Apart from the images, repeat the data below exactly as written.

> **Material provided**:
════════════════════

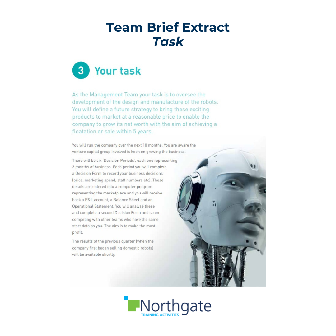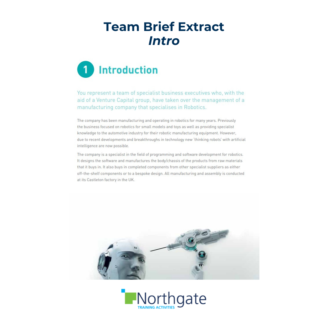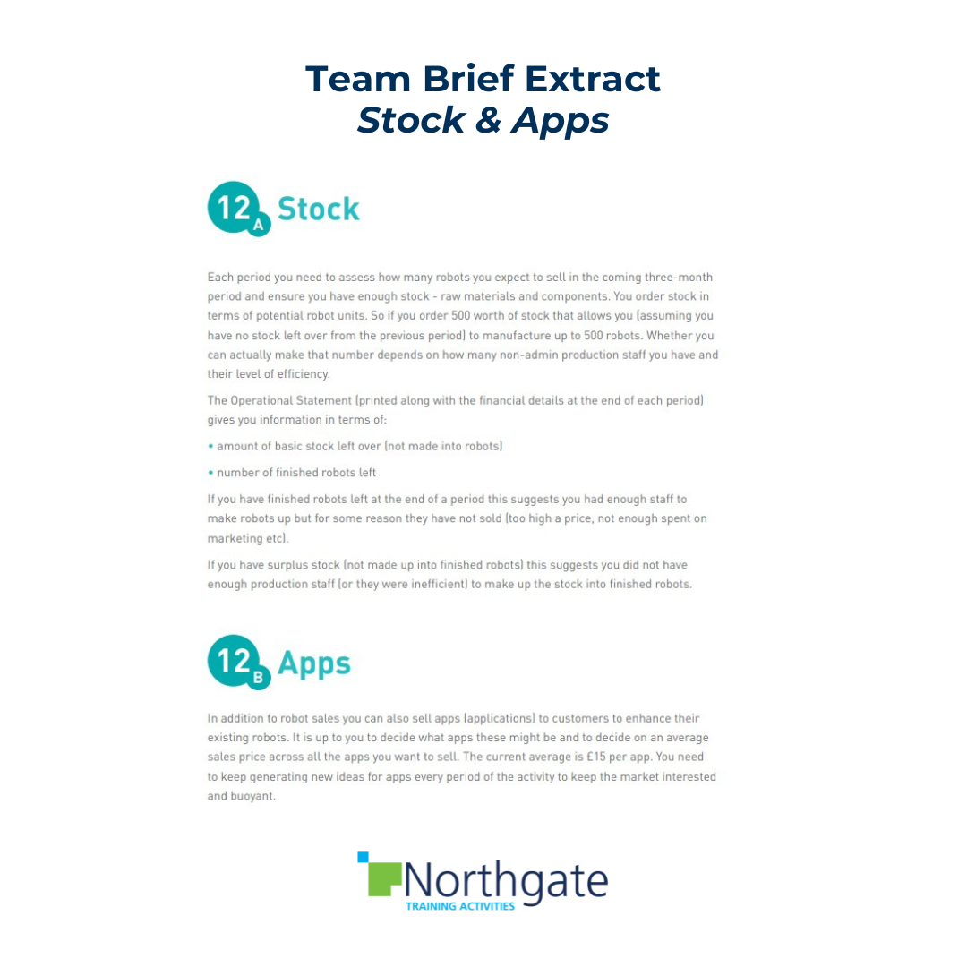 There are also optional business situations to discuss (they are thought provoking and good for discussion at the end but don’t actually influence the results). Other issues do have an effect. For example, cultural differences mean that the raw materials vary according to the region for which robots are being built. So robots are ‘region specific’. Teams also have the opportunity to extend the business by supplying apps for customers to enhance their existing robots.
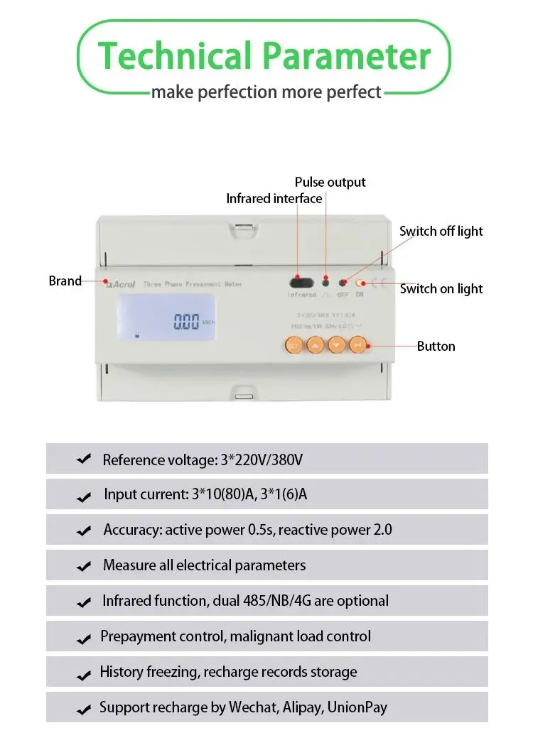 ADL300-EY Three Phase Prepaid Electric Energy Meter With Rs485 4 Tariff Rates 35mm Din Rail 3*1(6)A/10(80)A Current Input
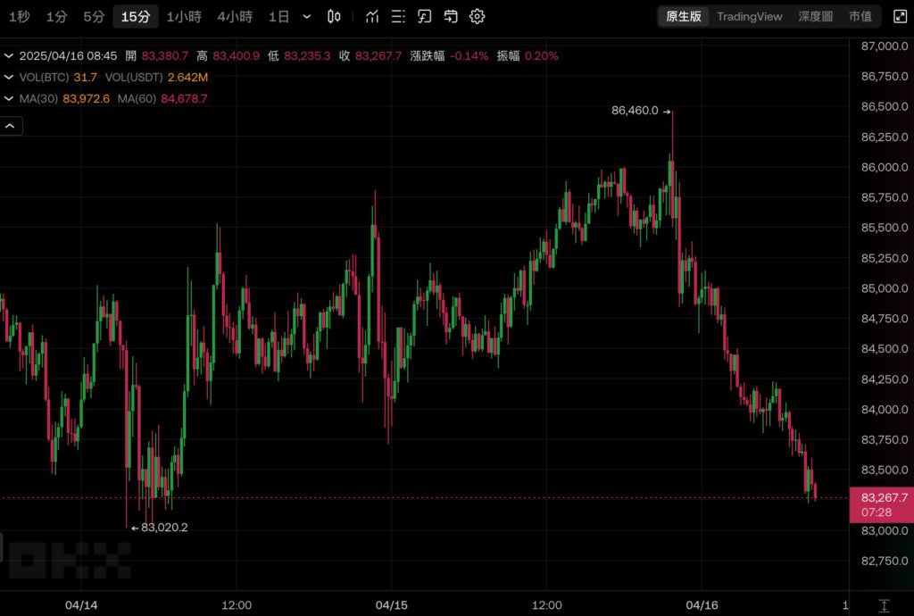加密貨幣市場方面,比特幣昨晚一度來到 86,460 美元之後,賣壓開始湧現,截稿前現報 83,267 美元,近 24 小時下跌超 2%。以太坊現報 1586.7 美元,近 24 小時下跌 2.75 %。
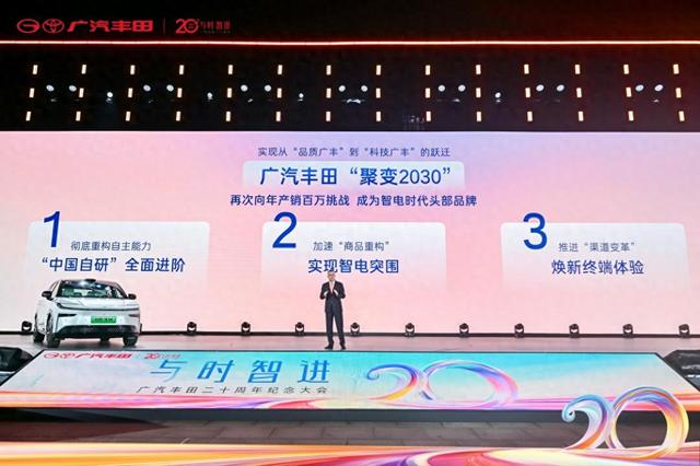 11月13日,广汽丰田举办“与时智进”20周年纪念大会,发布了面向未来的战略转型计划。在合资2.0体制下,广汽丰田启动“聚变2030”战略,旨在年产销重回百万台规模,并朝着智电时代头部品牌的目标进发,实现从“品质广丰”到“科技广丰”的跨越。为此,广汽丰田将展开全体系构造改革,向“全方位自立化”目标迈进。其中,深化“中国自研”、加速“商品重构”和推进“渠道变革”等行动计划构成了战略转型的核心支柱。
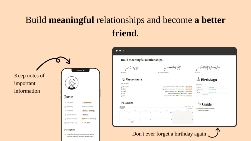 Stay in touch with contacts that matter more often with this personal CRM. Don't ever forget a birthday again.

════════════════════

> **Written answer**:
 There are also optional business situations to discuss (they are thought provoking and good for discussion at the end but don’t actually influence the results). Other issues do have an effect. For example, cultural differences mean that the raw materials vary according to the region for which robots are being built. So robots are ‘region specific’. Teams also have the opportunity to extend the business by supplying apps for customers to enhance their existing robots.
 ADL300-EY Three Phase Prepaid Electric Energy Meter With Rs485 4 Tariff Rates 35mm Din Rail 3*1(6)A/10(80)A Current Input
加密貨幣市場方面,比特幣昨晚一度來到 86,460 美元之後,賣壓開始湧現,截稿前現報 83,267 美元,近 24 小時下跌超 2%。以太坊現報 1586.7 美元,近 24 小時下跌 2.75 %。
 11月13日,广汽丰田举办“与时智进”20周年纪念大会,发布了面向未来的战略转型计划。在合资2.0体制下,广汽丰田启动“聚变2030”战略,旨在年产销重回百万台规模,并朝着智电时代头部品牌的目标进发,实现从“品质广丰”到“科技广丰”的跨越。为此,广汽丰田将展开全体系构造改革,向“全方位自立化”目标迈进。其中,深化“中国自研”、加速“商品重构”和推进“渠道变革”等行动计划构成了战略转型的核心支柱。
 Stay in touch with contacts that matter more often with this personal CRM. Don't ever forget a birthday again.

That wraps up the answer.